In church, faith has degenerated into ideology whenever one doctrine, or one interpretation of doctrine, becomes the one and only thing by which we evaluate and interpret God, the Bible, the church and the possibility of fellowship with others. I’ve seen people and churches do that over predestination or freewill, the means of one’s baptism, how literally we take the six days of Creation in Genesis, or not, the game plan for Christ’s return, or the gifts of the Holy Spirit. The problem is not the matters themselves; the problem is with making any one thing into our everything. Like the disrupters were doing to the churches of Galatia: turning one thing, circumcision, into everything.

Paul and the Galatian churches were not the first Christians to have to deal with ideological substitutes for “faith expressing itself through love.” When Jesus called his first disciples along the lakeshore in Galilee, that was in a time and place of two main, competing ideological systems. One was “Pax Romana,” or “The Peace of Rome.” Whatever Rome and Caesar want, they get, so cooperate with them, for the sake of your own survival and that of your people. That kind of ideological possession led people down the primrose path of moral and spiritual death by a thousand compromises.

The opposite ideological alternative was violent Hebrew nationalism, to drive out the Romans and replace them with a military and religious empire of their own like what they had under Kings David and Solomon, by any means possible. Ideological possession of that kind drove this group to ever more frenzied and fanatical violence toward Jew and Gentile alike.

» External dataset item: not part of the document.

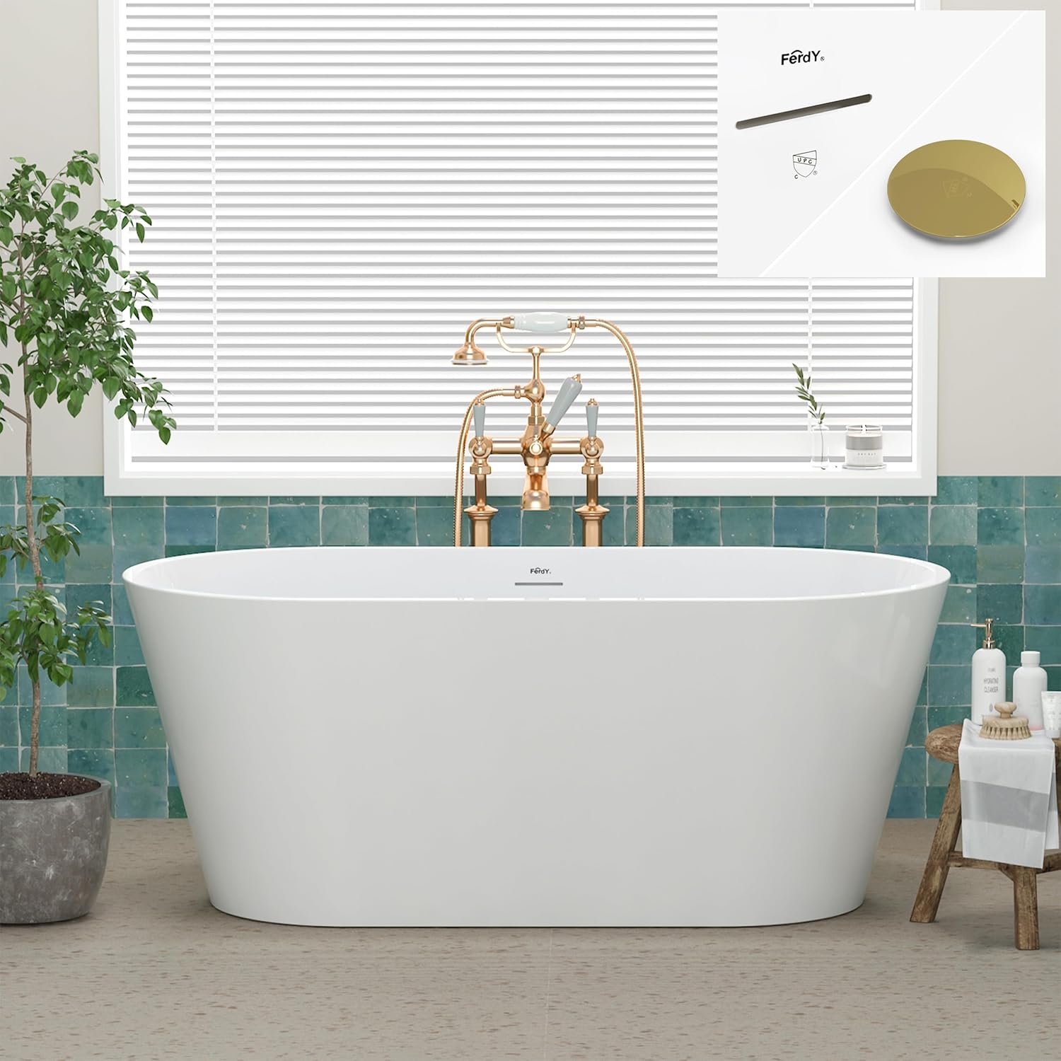 FerdY 59" Shangri-La Elite, Acrylic Freestanding Bathtub, Modern & Contemporary Design Soaking Tub with Polished Gold Pop-Up Drain and Minimalist Design Overflow, Glossy White, cUPC Certified

Jesus’ own disciples seem to have mistaken his call to “come, follow me,” for the revolutionary kind of ideological possession, when they wanted to call down fire on Samaritans who would not host them. Even after his resurrection, the disciples asked Jesus, “Now are you going to restore the kingdom to Israel?”

They found Jesus’ “faith expressing itself through love” baffling, even frustrating, like the time he commended a Roman officer for his faith, saying, “His is greater faith than I have seen in all Israel.” Or when he asked a Samaritan woman for a drink of water and sat talking with her by the well. But that did not make Jesus an ideological partisan of the pro-Roman imperial ideology, either. It was their ideologues who handed him over for crucifixion.

When he approached his disciples by the lake shore, Jesus did not say, “Come, join my cause,” nor “Come, join my crusade,” he said, “Come, follow me.” He calls us still, each one of us, not to any system, not to any worldly crusades, but to a relationship, a relationship of faith, first and foremost, with himself. And love is the measure of that faith. Not love as just feeling, attraction or affection, but love as character and conduct, love as our willing and working for God’s best, for friend and foe. Such love is a gift from God, for “we love because God first loved us.”

And so this message ends where it started, with the solution to the problem of ideological possession, or the idolatry of ideas: “faith expressing itself through love.” Risky, even costly love, growing out of the love by which God first loved us. Such faith is characterized by humility and the patience to live and love through imperfection, mystery and paradox, holding ourselves, our opinions, our identities and our ideas lightly, humbly, with as much willingness to hear and to learn, as to speak and to teach. Because our faith is in God and in God’s righteousness, and rightness, not in our own, we therefore trust God to justify us, and not ourselves, our group, nor any ideology.